Yes, but there are some things that need to be done. ;-)  I trust ssh
enough so that a borgbackup account that has its authorized_keys
restricted to "borg serve --restrict-to-path" is secure enough. It's
just that many security/firewall people will open a can of worms if
connections go the wrong direction.

Greetings
Marc

-- 
-----------------------------------------------------------------------------
Marc Haber         | "I don't trust Computers. They | Mailadresse im Header
Leimen, Germany    |  lose things."    Winona Ryder | Fon: *49 6224 1600402
Nordisch by Nature |  How to make an American Quilt | Fax: *49 6224 1600421

Re: [borgbackup] borgbackup 0.25.0 released

From:
Thomas Waldmann
Date:
2015-08-31 @ 13:22
>>> Is there any reason why xz compression is not (yet) supported?
>> It is, see "lzma".
> At least on Linux, lzma is different from xz.

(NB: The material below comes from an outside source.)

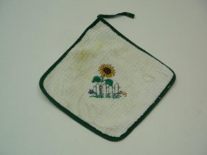 Topflappen, Struktur, Sonnenblumen - Applikation, "Ross", passend zu Topflappen: T_kue_0006

https://docs.python.org/3/library/lzma.html

Search for XZ on that page. The default format is what we use.

-- 

GPG ID: FAF7B393
GPG FP: 6D5B EF9A DD20 7580 5747 B70F 9F88 FB52 FAF7 B393

Re: [borgbackup] borgbackup 0.25.0 released

From:
Alex Gorbachev
Date:
2015-08-31 @ 03:13
Thank you for adding lz4!
Question also on create using lz4, the new output is like this:

A /vjob/snap_vtst1/random.bin
U /vjob/snap_vtst1/dupel.bck

What do A and U mean in the beginning?

Thanks,
Alex

On Sat, Aug 29, 2015 at 9:50 AM, Thomas Waldmann <tw@waldmann-edv.de> wrote:
>
> Hi,
>
> just wanted to tell that there is a fresh release with a lot of
> improvements and fixes:
>
> https://github.com/borgbackup/borg/blob/0.25.0/CHANGES.rst what's new
>
> https://pypi.python.org/pypi/borgbackup/0.25.0 pip package
>
> https://github.com/borgbackup/borg/issues/147 binary wheels (soon)
>
> All releases are signed by me (like this message), please check the
> signature.
>
> Cheers,
>
> Thomas
> --
>
> GPG ID: FAF7B393
> GPG FP: 6D5B EF9A DD20 7580 5747 B70F 9F88 FB52 FAF7 B393
>
>

Re: [borgbackup] borgbackup 0.25.0 released

From:
Thomas Waldmann
Date:
2015-08-31 @ 09:53
> Thank you for adding lz4!

You're welcome. :)

> Question also on create using lz4, the new output is like this:
> 
> A /vjob/snap_vtst1/random.bin
> U /vjob/snap_vtst1/dupel.bck

That's unrelated to lz4, it is just the verbose output (-v).

A is added (new file), M is modified, U is unchanged regular file.
The lowercase letters are not regular files, but other stuff.

Guess this needs to be documented. :)

-- 

GPG Fingerprint: 6D5B EF9A DD20 7580 5747  B70F 9F88 FB52 FAF7 B393
Encrypted E-Mail is preferred / Verschluesselte E-Mail wird bevorzugt.